- **Directions for this task**:
Once the pictures have been removed, repeat the remainder of the records exactly.

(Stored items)

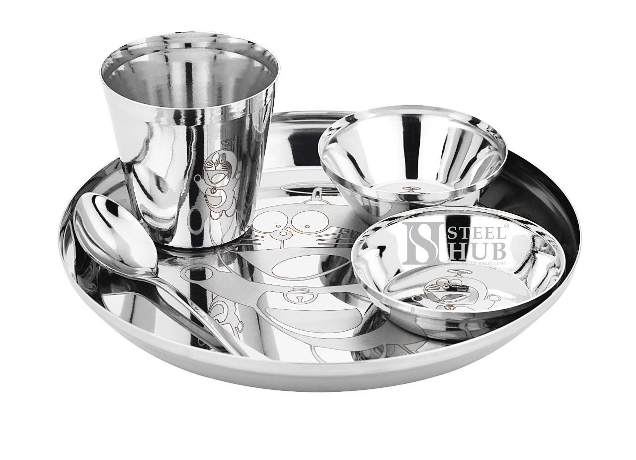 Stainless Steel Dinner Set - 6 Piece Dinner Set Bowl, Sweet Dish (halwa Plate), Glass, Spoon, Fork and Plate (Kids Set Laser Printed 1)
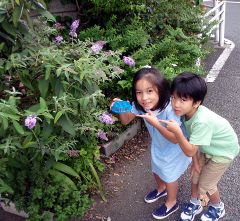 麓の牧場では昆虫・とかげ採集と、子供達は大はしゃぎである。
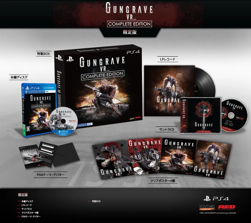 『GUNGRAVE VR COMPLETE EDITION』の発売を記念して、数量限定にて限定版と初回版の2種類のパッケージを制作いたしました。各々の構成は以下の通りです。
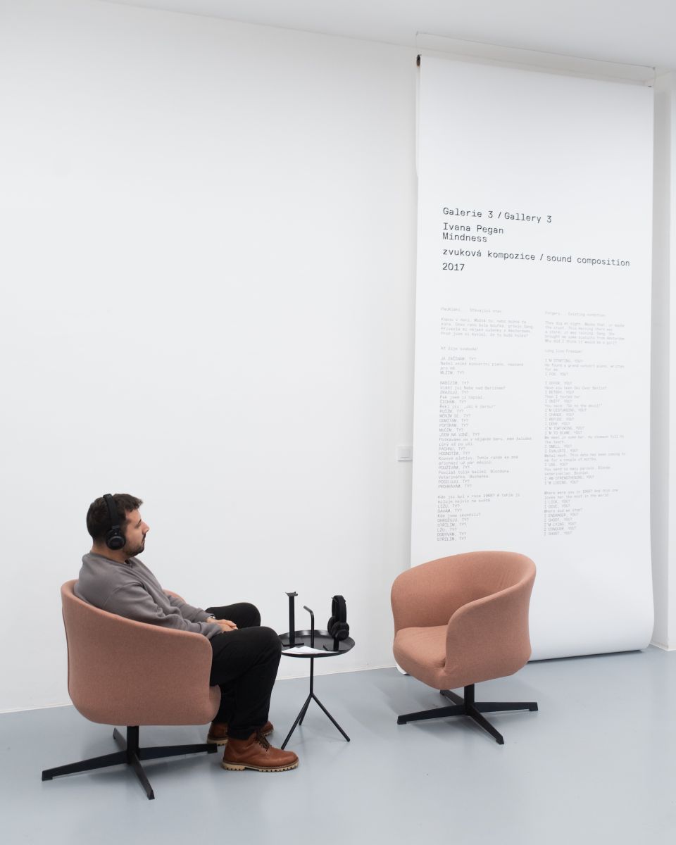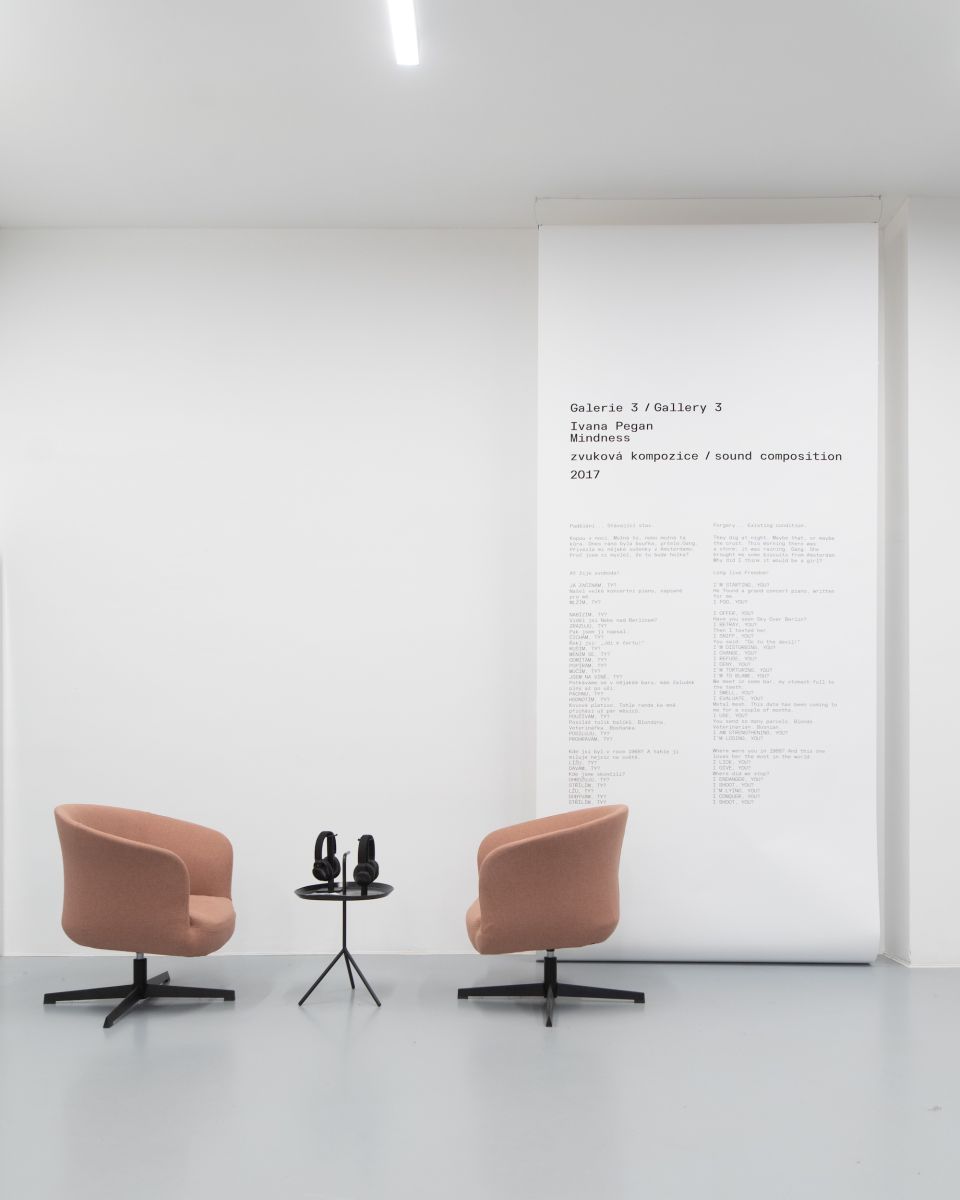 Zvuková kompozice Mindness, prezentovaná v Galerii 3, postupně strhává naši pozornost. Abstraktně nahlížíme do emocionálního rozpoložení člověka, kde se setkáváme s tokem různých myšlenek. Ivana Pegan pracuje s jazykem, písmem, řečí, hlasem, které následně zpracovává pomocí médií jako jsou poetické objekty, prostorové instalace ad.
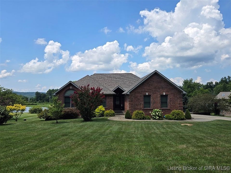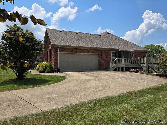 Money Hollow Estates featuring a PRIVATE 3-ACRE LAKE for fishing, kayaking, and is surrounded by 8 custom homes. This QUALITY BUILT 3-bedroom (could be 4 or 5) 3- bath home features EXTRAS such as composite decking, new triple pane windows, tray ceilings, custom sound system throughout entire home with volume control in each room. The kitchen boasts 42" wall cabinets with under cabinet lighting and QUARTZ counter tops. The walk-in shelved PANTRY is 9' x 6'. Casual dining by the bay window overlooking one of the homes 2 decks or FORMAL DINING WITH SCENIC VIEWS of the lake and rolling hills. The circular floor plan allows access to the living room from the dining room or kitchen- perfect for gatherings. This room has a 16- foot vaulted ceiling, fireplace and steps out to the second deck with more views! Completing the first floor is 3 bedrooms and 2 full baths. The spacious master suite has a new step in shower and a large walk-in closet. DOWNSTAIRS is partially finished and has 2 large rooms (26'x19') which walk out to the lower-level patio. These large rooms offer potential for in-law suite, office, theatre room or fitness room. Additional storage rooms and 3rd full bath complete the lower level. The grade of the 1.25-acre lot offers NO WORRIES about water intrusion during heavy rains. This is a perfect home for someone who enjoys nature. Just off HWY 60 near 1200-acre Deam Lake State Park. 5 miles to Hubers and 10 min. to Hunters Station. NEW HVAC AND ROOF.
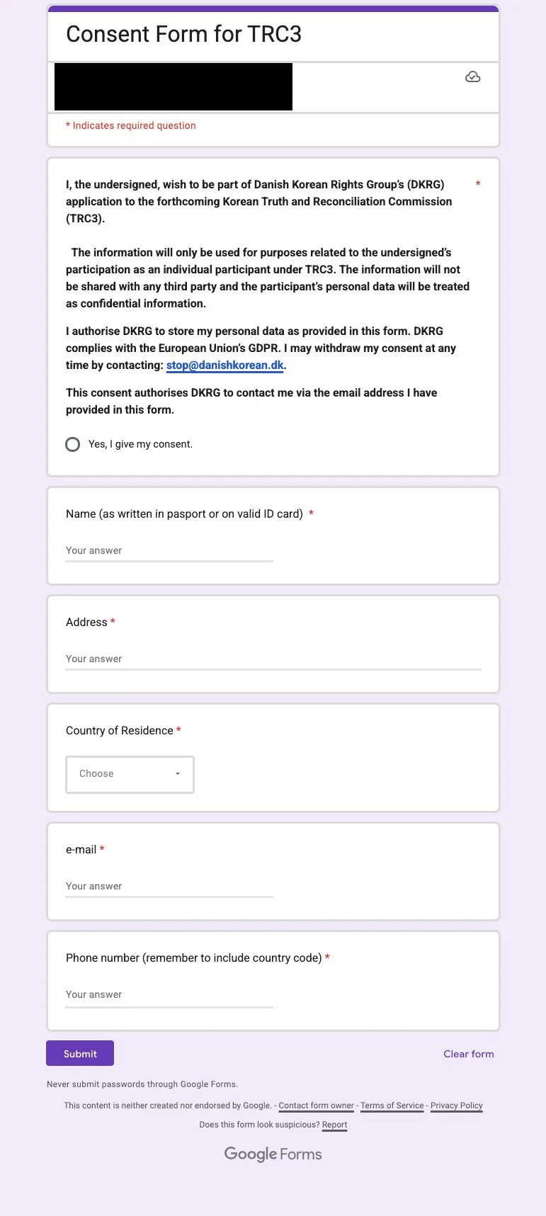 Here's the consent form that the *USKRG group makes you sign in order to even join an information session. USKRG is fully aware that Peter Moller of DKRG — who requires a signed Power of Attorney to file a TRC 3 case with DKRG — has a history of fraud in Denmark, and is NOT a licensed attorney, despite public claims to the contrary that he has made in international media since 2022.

- **Answer to the exercise**:
 Stainless Steel Dinner Set - 6 Piece Dinner Set Bowl, Sweet Dish (halwa Plate), Glass, Spoon, Fork and Plate (Kids Set Laser Printed 1)
 麓の牧場では昆虫・とかげ採集と、子供達は大はしゃぎである。
 『GUNGRAVE VR COMPLETE EDITION』の発売を記念して、数量限定にて限定版と初回版の2種類のパッケージを制作いたしました。各々の構成は以下の通りです。
 Zvuková kompozice Mindness, prezentovaná v Galerii 3, postupně strhává naši pozornost. Abstraktně nahlížíme do emocionálního rozpoložení člověka, kde se setkáváme s tokem různých myšlenek. Ivana Pegan pracuje s jazykem, písmem, řečí, hlasem, které následně zpracovává pomocí médií jako jsou poetické objekty, prostorové instalace ad.
 Money Hollow Estates featuring a PRIVATE 3-ACRE LAKE for fishing, kayaking, and is surrounded by 8 custom homes. This QUALITY BUILT 3-bedroom (could be 4 or 5) 3- bath home features EXTRAS such as composite decking, new triple pane windows, tray ceilings, custom sound system throughout entire home with volume control in each room. The kitchen boasts 42" wall cabinets with under cabinet lighting and QUARTZ counter tops. The walk-in shelved PANTRY is 9' x 6'. Casual dining by the bay window overlooking one of the homes 2 decks or FORMAL DINING WITH SCENIC VIEWS of the lake and rolling hills. The circular floor plan allows access to the living room from the dining room or kitchen- perfect for gatherings. This room has a 16- foot vaulted ceiling, fireplace and steps out to the second deck with more views! Completing the first floor is 3 bedrooms and 2 full baths. The spacious master suite has a new step in shower and a large walk-in closet. DOWNSTAIRS is partially finished and has 2 large rooms (26'x19') which walk out to the lower-level patio. These large rooms offer potential for in-law suite, office, theatre room or fitness room. Additional storage rooms and 3rd full bath complete the lower level. The grade of the 1.25-acre lot offers NO WORRIES about water intrusion during heavy rains. This is a perfect home for someone who enjoys nature. Just off HWY 60 near 1200-acre Deam Lake State Park. 5 miles to Hubers and 10 min. to Hunters Station. NEW HVAC AND ROOF.
 Here's the consent form that the *USKRG group makes you sign in order to even join an information session. USKRG is fully aware that Peter Moller of DKRG — who requires a signed Power of Attorney to file a TRC 3 case with DKRG — has a history of fraud in Denmark, and is NOT a licensed attorney, despite public claims to the contrary that he has made in international media since 2022.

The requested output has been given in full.